Machines that have alignment requirements (e.g. MIPS, SPARC) are
harder to move codes to. If ISV's don't port (and validate) their
codes, the computation speed is zero.

Denorms happen pretty often in some applications. In one large class
of algorithms, one tends to solve for deviations from some sort of
nominal (e.g. computing a "correction term"). As the problem
progresses, the desired solution is closer and closer to zero. If
denorms cost a lot, the application runs slower and slower as accuracy
requirements are raised. This isn't what folks expect!

>  3)  Precision
>
>    In a similiar vein, are there any studies concerning
>    the relative frequencies of double and single 

As has been pointed out, one workload is nothing like someone elses.
Trying to find a single magic workload is doomed to failure.
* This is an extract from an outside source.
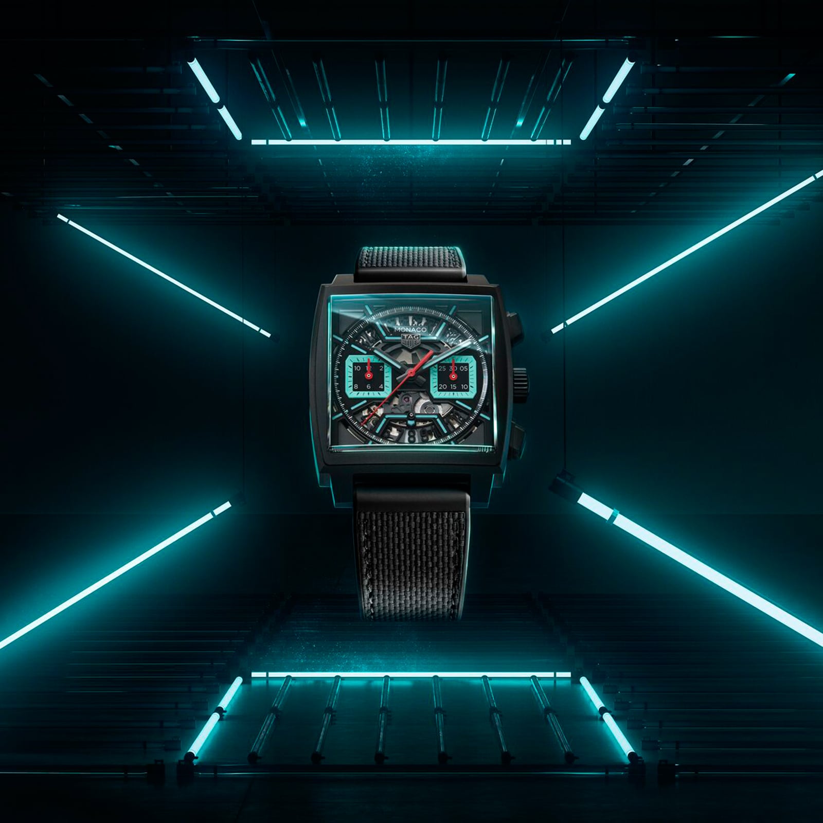 Monaco Chronograph - superbly avant-garde Made for those with a rebellious spirit 39mm square titanium case with a versatile rubber and leather strap Sandblasted black skeletonised dial with turquoise chronograph complications Powered by the calibre Heuer 02 automatic movement A REBELLIOUS SPIRIT Dynamic, bold and daringly avant-garde, the Monaco Chronograph is unapologetic in its show- stopping design and extreme precision. Boasting a fearless square silhouette, this timepiece pairs robust materials with vivid splashes of colour for a design that exudes the definition of cool. Featuring a skeletonised dial for a vivid look at the powerful inner workings, this handsome timepiece is an ideal addition to the bravest of accessory collections. FOR THE BRAVE This 39mm model is presented in a square-shaped black DLC-coated titanium grade 2 case, secured by a versatile black calf leather and rubber strap. The skeletonised black sandblasted dial is home to two chronograph complications, highlighted by luminous turquoise outer edges and vivid red lacquered hands. Driven by the calibre Heuer 02 automatic movement, this timepiece is water resistant up to 10 bar (100 metres) and also features an 80-hour power reserve.

Doing
vastly worse than users expect in any metric is often enough to get
them to stick with their current vendor.

Single precision, IEEE, is good enough for a wide range of estimation
problems I used to deal with. Nonetheless, many customers insisted on
double precision .... because that was what was required on their old
IBM and UNIVAC machines. I suspect that if SP is much faster, many
will migrate (or have, I left that area some time ago) back. Decisions
about mission critical codes are made slowly. Far more slowly than we
evolve chips!!!